Is Willful Exposure to an Infectious Disease a Crime?

Infectious diseases and the laws surrounding them have been on all of our minds this past year. Many of us have found ourselves asking questions we never would have dreamt of before 2020. An example of such a question is whether willful exposure to an infectious disease is a crime?

The answer is yes. The issue is addressed in California’s Health and Safety Code 120290 HS. The code makes it a crime to willfully and knowingly take steps that could result in others getting sick.

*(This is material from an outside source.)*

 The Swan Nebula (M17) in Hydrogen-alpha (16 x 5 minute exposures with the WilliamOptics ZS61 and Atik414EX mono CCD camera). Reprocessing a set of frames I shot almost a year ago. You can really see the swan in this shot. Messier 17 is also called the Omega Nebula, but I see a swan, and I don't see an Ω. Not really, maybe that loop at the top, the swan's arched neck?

The hope is that by making spreading infectious germs a crime, then people will stop and think before they do things like hanging out at their favorite bar, attend a sporting event, or go on first dates when they’re aren’t feeling well.

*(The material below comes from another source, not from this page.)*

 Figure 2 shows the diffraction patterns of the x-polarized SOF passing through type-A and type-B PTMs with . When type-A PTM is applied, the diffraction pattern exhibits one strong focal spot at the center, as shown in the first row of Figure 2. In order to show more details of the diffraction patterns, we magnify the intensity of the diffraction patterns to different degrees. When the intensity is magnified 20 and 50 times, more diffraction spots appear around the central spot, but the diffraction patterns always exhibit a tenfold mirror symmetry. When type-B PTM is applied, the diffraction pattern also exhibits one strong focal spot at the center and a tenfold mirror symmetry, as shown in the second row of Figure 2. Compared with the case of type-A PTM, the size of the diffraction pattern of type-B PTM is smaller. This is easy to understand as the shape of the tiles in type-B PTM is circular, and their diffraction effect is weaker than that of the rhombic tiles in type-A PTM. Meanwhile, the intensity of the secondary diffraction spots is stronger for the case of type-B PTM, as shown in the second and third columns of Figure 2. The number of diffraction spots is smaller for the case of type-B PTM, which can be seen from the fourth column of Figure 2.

In cases that involve the willfully spreading of an infectious disease, the prosecutor faces an uphill battle when it comes to proving their case. The challenge is that they not only have to prove that you had an infectious disease, but that you knew about it and understood what you were doing when went out in public. They also have to prove that you took actions that were specifically designed to transmit the disease to another person.

In the past, most cases involving the willful spread of an infectious disease involved people who had been diagnosed with HIV or AIDS acting recklessly and deliberately trying to spread the disease to other people. These cases were few and far between. 

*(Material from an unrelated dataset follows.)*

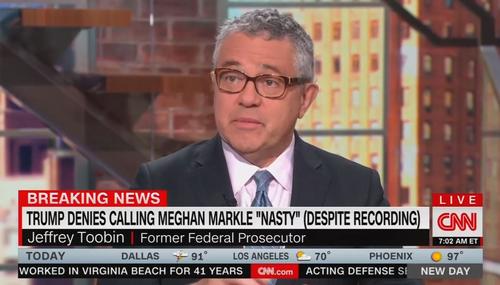 On Monday morning, President Trump kicked off his state visit to the UK. CNN New Day provided live coverage of the event, and was sure to bring up the an interview with The Sun in which Trump called Meghan Markle “nasty” in response to comments Markle made about Trump. When Trump denied that he called Markle nasty, Toobin stated that the U.S. was now in a “1984-like scenario.”

We’re now hyper-aware that outbreaks of many diseases can be prevented when people who have already been infected actively take steps to isolate themselves when they are sick.

One of the most important things to remember when it comes to the willful exposure of infectious diseases in California is that it is only a crime if you are actually diagnosed with the disease.

At this point, the act of willfully spreading an infectious disease in California is considered a misdemeanor. If convicted, you could be sentenced to a six-month jail sentence and fined up to $1,000.